We can replace the above two blocks by calculating leftSum on the fly as shown below.

for i in range(0, n):

    if i > 0:
        leftSum += nums[i-1]
    if leftSum == rightSums[i]:
        return i

Time Complexity: O(N)

Space Complexity: O(N)

Testing: For array problems like these, it’s important to test the following cases.

Empty array: [] => returns -1
Single value array: [1] => returns 0
Double value array: [1, 2] => returns -1
A random array: [2, 3, 4, 5] => returns 2
All given test cases in the problem statement
Arrays that have one pivot index: [1, 7, 3, 6, 5, 6] => returns 3
Arrays that have more than one pivot index: [1, 0, 1, 0] => returns 0
Arrays with no pivot index: [1, 2, 3, 4] => returns -1

Can we do better? Yes!

Solution #3: Introducing prefix sum

If we are given the leftSum of a pivot, what else do I need to get the rightSum? The total sum of the array.

Example: [1, 7, 3, 6, 5, 6]

totalSum = 1 + 7 + 3 + 6 + 5 + 6 = 28

pivot = 7, pivotIndex = 1, leftSum = 1, rightSum = 28 – 1 – 7 = 20

pivot = 6, pivotIndex = 3, leftSum = 11, rightSum = 28 – 11 – 6 = 11

To generalize, rightSum(i) = totalSum – leftSum – nums[i]. Now let’s alter the code accordingly.

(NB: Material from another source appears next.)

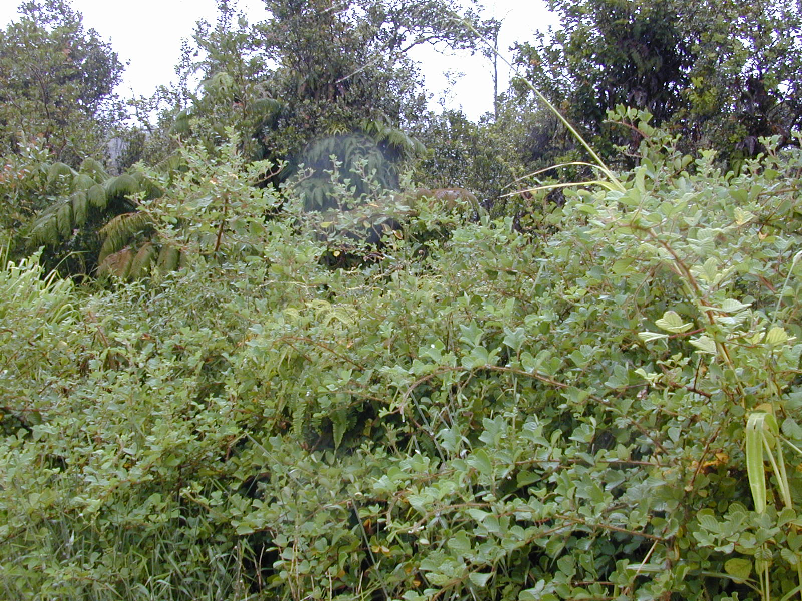 Rubus ellipticus (habit at edge of road and native vegetation). Location: Hawaii, Hwy11 Mountain view
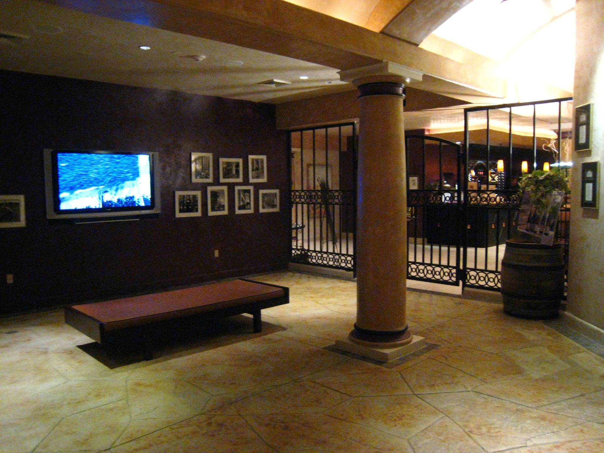 Ferrari-Carano Reserve tasting room in Sonoma Valley, California

def pivotIndex(self, nums: List[int]) -> int:
        
        if not nums:
            return -1
        
        n = len(nums)
        leftSum = 0
        totalSum = sum(nums)
        
        for i in range(n):
            if leftSum == totalSum - leftSum - nums[i]:
                return i
            
            leftSum += nums[i]
            
        return -1

Time Complexity: O(N) for calculation sum of nums, O(N) for finding pivot index, so the overall time complexity will be O(N).

Space Complexity: O(1) since we use constant space to store totalSum and leftSum values.

Want to solve this problem? https://leetcode.com/problems/find-pivot-index/

Hope you enjoyed this step by step approach to iteratively improve upon a solution for a problem. Have a great day!